Every entry must be set down exactly in the answer; no pictures should appear.

Dataset items
════════════════
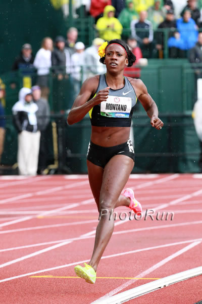 In her semi on Saturday Montano blitzed a 55-point opening 400-meters–a world-class first split–reaching 600-meters with a two second lead.
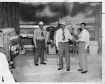 Robert Gould, WBAP-TV program director, accepts new "props" in the form of a horse from L. White (left), Fort Worth saddlemaker, and George Wilderspin (middle), Fort Worth stockman, ca. 1949
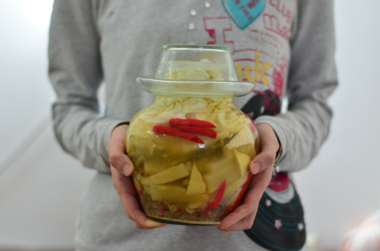 還記得5月9日央視播出的“舌尖上的中國第二季第四集——家常”里那可口的四川泡菜嗎,然后請再看照片,是不是這色澤、腌菜種類,甚至泡菜壇子都和舌尖里的一摸一樣,對了,你沒看錯!這就是師傳我姥姥由老媽做的川味泡菜,由于我姥姥祖籍四川,由此就將這門四川獨有的泡菜絕技傳給了我媽,這可以說算是祖?zhèn)鲉峁?/p>
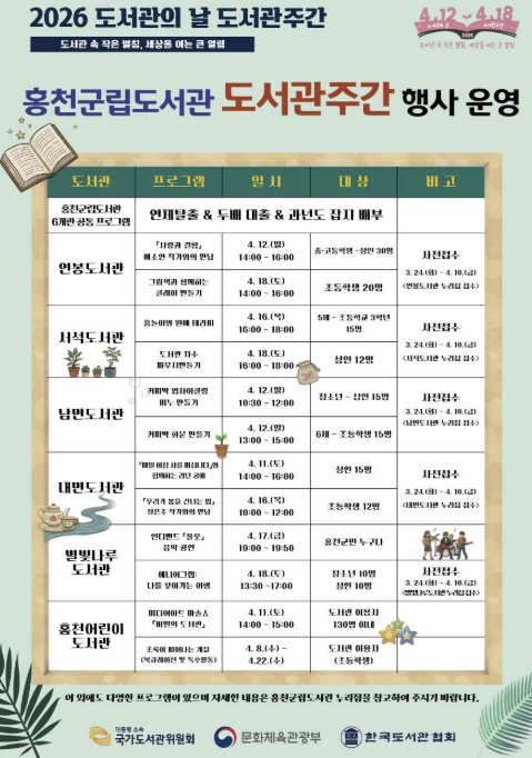 [뉴스앤톡] 홍천 군립 도서관은 2026년 도서관의 날(4월 12일)과 도서관 주간(4월 12일~18일)을 기념해, 4월 한 달간 군민들을 위한 다채로운 독서 문화 프로그램을 운영한다.
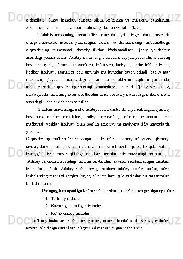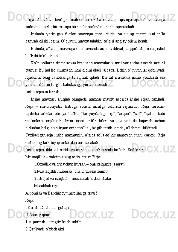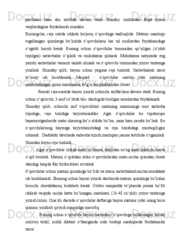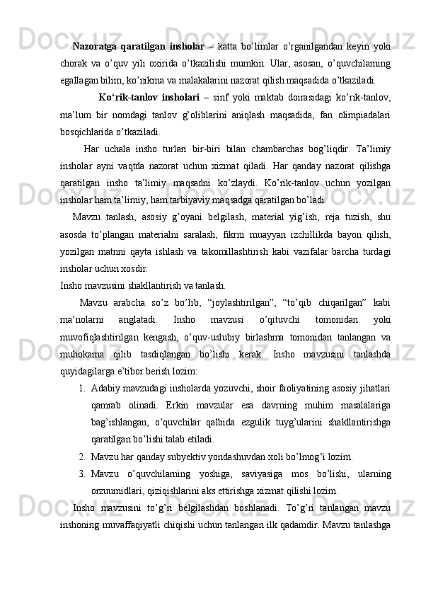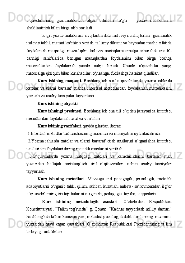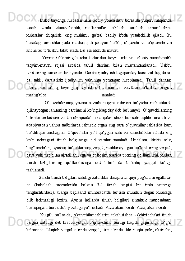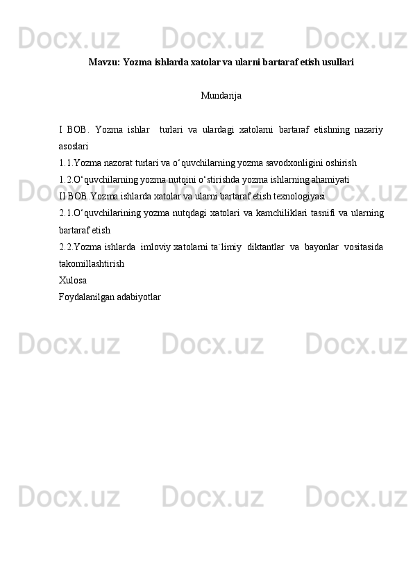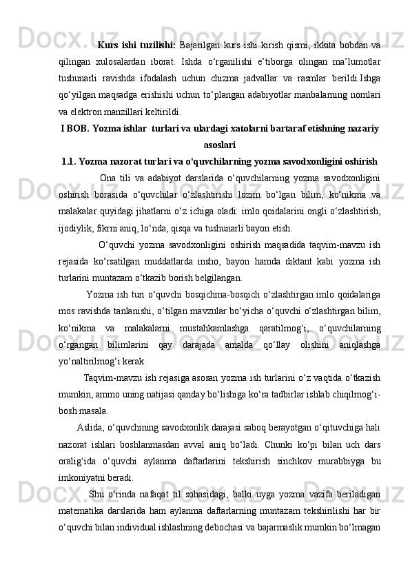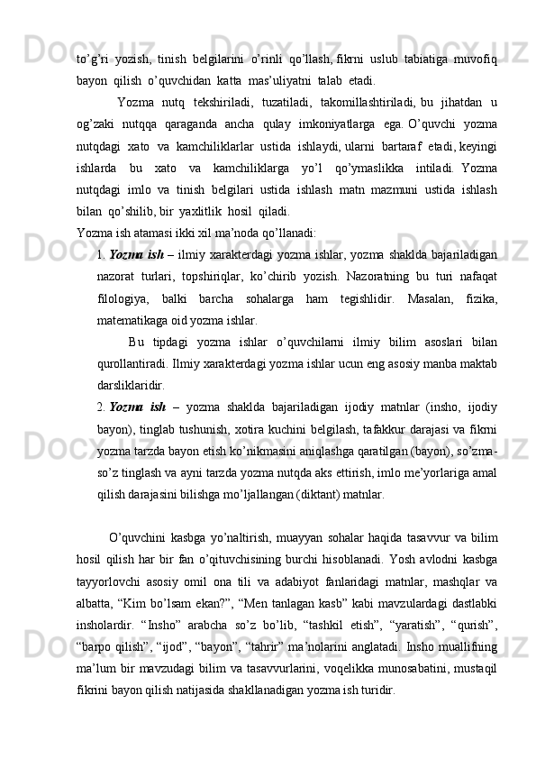 I BOB. Yozma ishlar turlari va ulardagi xatolarni bartaraf etishning nazariy asoslari
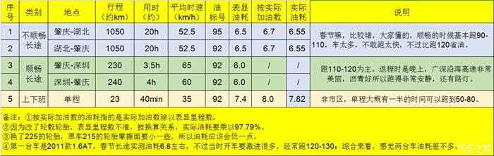 请注意看第1行和第2行,春节来回高速上95和92的油耗一样,而且:加95油的时候,开了ECO节油模式,其余的都关闭了节油模式;返程时载重多出约120kg。
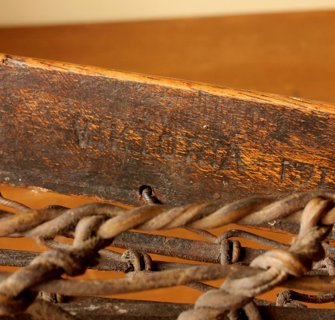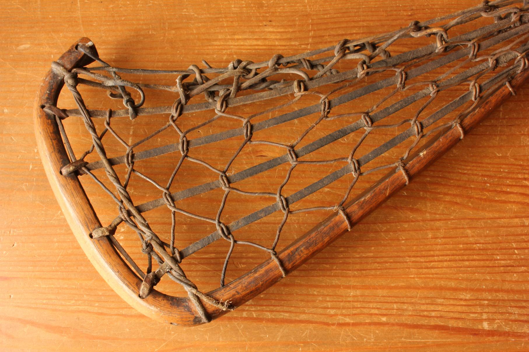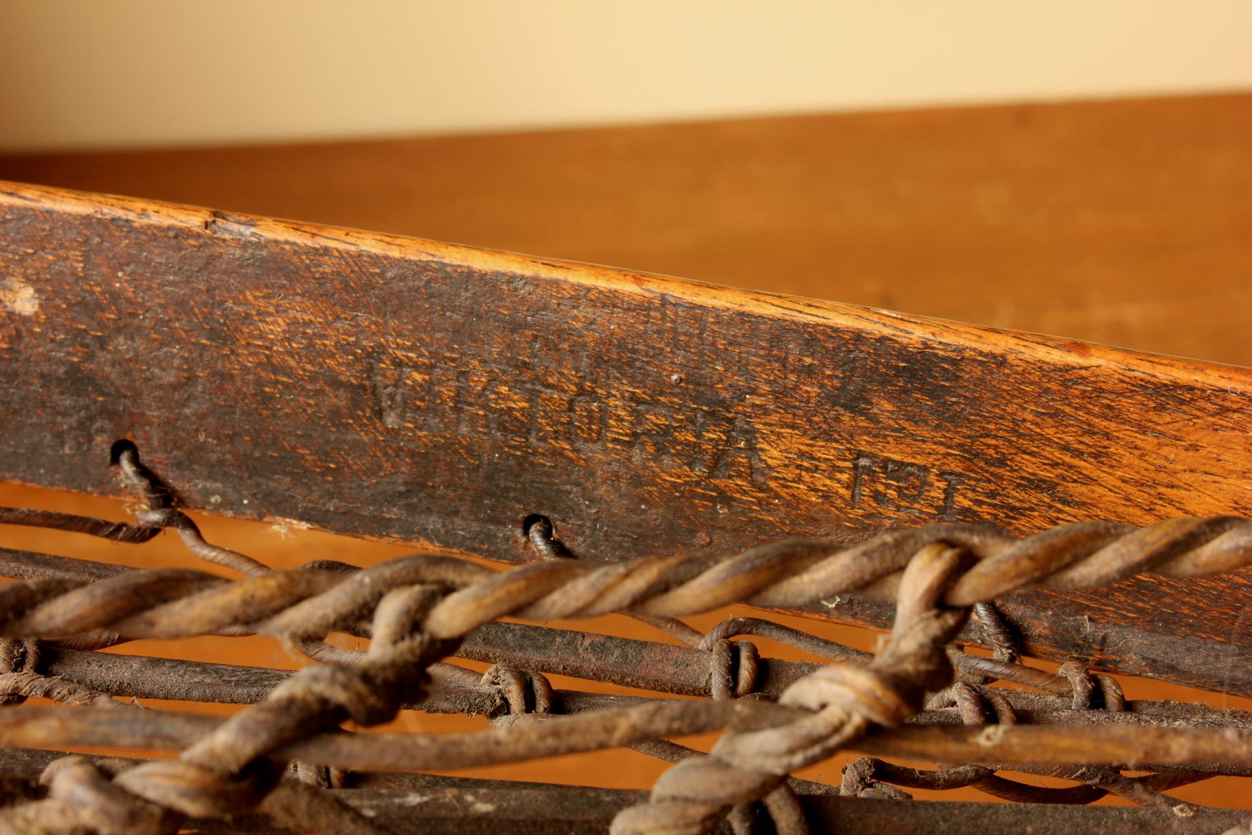 This handsome vintage Lacrosse stick which is marked Viktoria measures 102 cm - 40 1/4 inches in length, has a hickory handle, leather and gut cord net and has a very nice age related patina.
════════════════
RESPONSE FOR THIS EXERCISE:
 In her semi on Saturday Montano blitzed a 55-point opening 400-meters–a world-class first split–reaching 600-meters with a two second lead.
 Robert Gould, WBAP-TV program director, accepts new "props" in the form of a horse from L. White (left), Fort Worth saddlemaker, and George Wilderspin (middle), Fort Worth stockman, ca. 1949
 還記得5月9日央視播出的“舌尖上的中國第二季第四集——家常”里那可口的四川泡菜嗎,然后請再看照片,是不是這色澤、腌菜種類,甚至泡菜壇子都和舌尖里的一摸一樣,對了,你沒看錯!這就是師傳我姥姥由老媽做的川味泡菜,由于我姥姥祖籍四川,由此就將這門四川獨有的泡菜絕技傳給了我媽,這可以說算是祖?zhèn)鲉峁?/p>
 [뉴스앤톡] 홍천 군립 도서관은 2026년 도서관의 날(4월 12일)과 도서관 주간(4월 12일~18일)을 기념해, 4월 한 달간 군민들을 위한 다채로운 독서 문화 프로그램을 운영한다.
 I BOB. Yozma ishlar turlari va ulardagi xatolarni bartaraf etishning nazariy asoslari
 请注意看第1行和第2行,春节来回高速上95和92的油耗一样,而且:加95油的时候,开了ECO节油模式,其余的都关闭了节油模式;返程时载重多出约120kg。
 This handsome vintage Lacrosse stick which is marked Viktoria measures 102 cm - 40 1/4 inches in length, has a hickory handle, leather and gut cord net and has a very nice age related patina.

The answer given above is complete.